Если в юности люди живут не столько разумом, сколько чувствами, то их поведение в зрелом возрасте объяснить намного сложнее. О том, что представляет собой взрослость, как изменяется человек после достижения половой и социальной зрелости и до начала старения, психологи знают очень мало, хотя такие исследования ведутся[397]. Но то, что люди старшего поколения вели себя на фронте иначе, чем молодые, замечал и тот, кто не был искушен в психологических тонкостях. «Я уже говорил о святых мальчишках и девчонках, — вспоминал В. Кондратьев, — но воевали люди и старше нас, и отцы, и деды. Они воевали умелее, трезвее, поперед батьки в пекло не лезли, удерживая и нас, юнцов, потому что более нас понимали цену жизни»[398]. Люди семейные, как правило, вели себя осторожнее холостяков, стараясь избегать опасностей там, где это было возможно. Они знали, каково придется их детям без отца-кормильца, не лезли зря «на рожон» и руководствовались старым солдатским принципом: «Сам не напрашивайся, а прикажут — не отказывайся». Впрочем, это вовсе не значит, что они сражались хуже. Просто в их понимании война была тяжелой, изнурительной работой, которую надо добросовестно выполнять. В таком осознании и выполнении солдатского долга тоже был героизм, но иного рода — не мгновенная яркая вспышка, но каждодневный, полный тягот и смертельного риска ратный труд. Но в наиболее сложных и опасных ситуациях, в критических обстоятельствах, когда все решают минуты и секунды, они наравне с молодыми совершали поступки, выходившие за рамки фронтовой обыденности, — те, что называются подвигом.
А мальчишки 18–20 лет не только 40-летних, но порой и 30-летних своих товарищей называли между собой «стариками», не предполагая, что очень скоро сравняются с ними в главном, военном опыте и сами будут смотреть как на «салаг» на новые, еще необстрелянные пополнения. Потом, после войны, для тех, кто уцелел, наступит психологическая разрядка и они снова станут мальчишками, стараясь наверстать упущенные радости жизни. Вот как вспоминал об этом мой отец лейтенант-танкист С. Л. Сенявский: «На фронт уходили мы мальчишками. Мы рано, слишком рано становились взрослыми, ответственными не только за свою и близких своих судьбу, но за гораздо большее — за судьбы Родины! И все же мы оставались мальчишками, которые не могли равнодушно пропустить взгляд девчонки, но и не могли смириться с тем, чтобы девчонки нами „командовали“, даже ранеными. И по-мальчишески, вопреки здравому смыслу, не долечившись, мы удирали из медсанбата, порою и из госпиталя, снова в часть, снова в бой, для многих из нас уже последний. Так было! А те, кто выжил, пережили еще и непростую послевоенную судьбу.

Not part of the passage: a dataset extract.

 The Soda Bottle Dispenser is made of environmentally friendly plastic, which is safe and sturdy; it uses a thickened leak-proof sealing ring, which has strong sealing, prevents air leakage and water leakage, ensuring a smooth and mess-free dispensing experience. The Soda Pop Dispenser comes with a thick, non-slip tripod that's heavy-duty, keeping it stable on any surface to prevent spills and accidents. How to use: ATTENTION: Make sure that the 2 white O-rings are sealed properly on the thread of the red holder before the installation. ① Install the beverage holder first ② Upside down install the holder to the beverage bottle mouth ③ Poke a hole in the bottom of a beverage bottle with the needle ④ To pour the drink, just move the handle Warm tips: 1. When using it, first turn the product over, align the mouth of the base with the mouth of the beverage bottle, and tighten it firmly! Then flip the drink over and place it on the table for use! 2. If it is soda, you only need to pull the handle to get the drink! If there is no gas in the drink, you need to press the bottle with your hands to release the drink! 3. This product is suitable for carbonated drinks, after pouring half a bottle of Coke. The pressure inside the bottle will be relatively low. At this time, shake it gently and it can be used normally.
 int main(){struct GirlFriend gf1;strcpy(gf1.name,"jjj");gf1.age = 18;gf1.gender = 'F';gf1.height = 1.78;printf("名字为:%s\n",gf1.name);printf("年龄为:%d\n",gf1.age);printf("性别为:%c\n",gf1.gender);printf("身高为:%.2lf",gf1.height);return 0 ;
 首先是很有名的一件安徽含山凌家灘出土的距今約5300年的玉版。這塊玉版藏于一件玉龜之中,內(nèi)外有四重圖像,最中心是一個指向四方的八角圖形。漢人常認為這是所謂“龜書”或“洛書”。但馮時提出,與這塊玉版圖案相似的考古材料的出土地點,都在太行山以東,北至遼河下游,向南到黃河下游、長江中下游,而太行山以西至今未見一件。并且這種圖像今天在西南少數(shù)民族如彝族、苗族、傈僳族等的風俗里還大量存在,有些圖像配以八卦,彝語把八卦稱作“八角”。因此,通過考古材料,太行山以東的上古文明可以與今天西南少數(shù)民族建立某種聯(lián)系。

Мы позже учились и позже любили — ведь ни для того, ни для другого у нас не было времени в юности, отнятой войной. И вот, отслужив еще несколько лет после войны и проучившись еще лет пять, мы, юноши военных лет, становились снова „взрослыми“ к тридцати. У нас было две юности: одна настоящая, отнятая войной; другая запоздавшая, послевоенная…»[399] Эти строки отец написал в канун 30-летия Победы, взглянув на свою судьбу как бы со стороны. Это была его судьба и судьба целого поколения. Это он, едва оправившись от ранения и контузии, сбежал из медсанбата обратно в роту. Это он, суровый и сдержанный на фронте, был неисправимым шутником и заводилой в послевоенные студенческие годы. Стоит сравнить две фотографии — 44-го и 46-го годов. На обеих отец в военной форме, но насколько старше выглядит он на той, первой, в выгоревшей гимнастерке, перетянутый портупеей! Насколько старше выглядят они все, мальчишки 40-х, на своих фронтовых фотографиях.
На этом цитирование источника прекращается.